Income generation is a bigger motivation for forest protection to the Cameroonian youth than the desire to conserve the habitats of cross river gorillas, forest elephants, and other fauna species. In recognition of this, Ecological Balance Cameroon recently established the Irvingia Cooperative Society (IrvingiaCOOP), which aims at helping forest adjacent communities to develop value chains and small businesses with non-timber forest products as a way of making local people have business interest in forest protection.

The IrvingiaCOOP is currently enhancing the economic empowerment of over 200 women and youths from forest adjacent communities in Cameroon. The cooperative has created partnerships with companies and individuals in Africa, Asia and Europe to provide them with value-added non-timber forest and agroforestry products (spices, oils, fruits etc). The profits generated from IrvingiaCOOP are ploughed back into active forest conservation through the Irvingia project.
Barely a few months after creation, IrvingiaCOOP has already started meeting the income needs of forest adjacent communities in Cameroon and contributing to protecting Cameroon’s portion of the Congo basin tropical forest ecosystems. Forest people have the mandate to pass on the forest to their children in a healthy state.
IrvingiaCOOP is the social business arm of Ecological Balance Cameroon’s project Irvingia. It seeks to solve a fourfold problem: “forest adjacent communities in Cameroon lack intrinsic motivation to protect their forests; Consumers the world over have no place to buy products that actively improve the world; Companies do not have a supply chain that meets current and future sustainability requirements; Nature and climate protection cannot find long-term funding, but rely on uncertain donations”.
According to the World Co-operative Monitor (2014), the world’s top 300 co-operatives have an estimated global turnover of 2.2 trillion USD. IrvingiaCOOP strives to be one of the best in terms of annual turnover in the coming years.

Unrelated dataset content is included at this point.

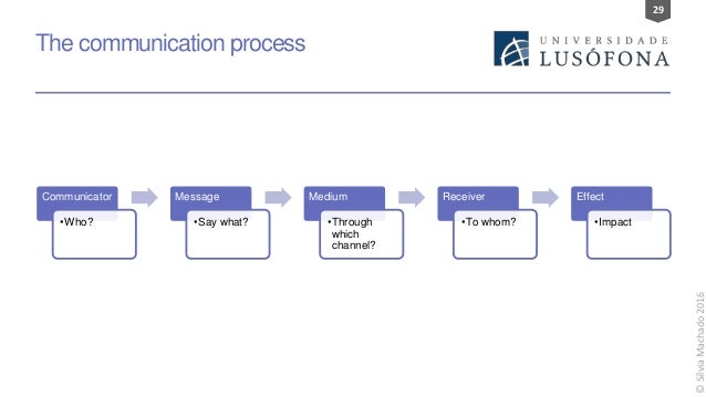 28. 28. ©SílviaMachado2016 29 The communication process Communicator •Who? Message •Say what? Medium •Through which channel? Receiver •To whom? Effect •Impact

When the Rochdale Pioneers founded the modern cooperative movement in 1844 in Lancashire-England, their objective was to provide an affordable alternative to poor-quality and adulterated food & provisions and to use any surplus to benefit the community. The fact that the co-operative movement has flourished and extended across the globe, encompassing all sectors of the economy, with over 1 billion members and 250 million employees is only a testament of the resilience of the model.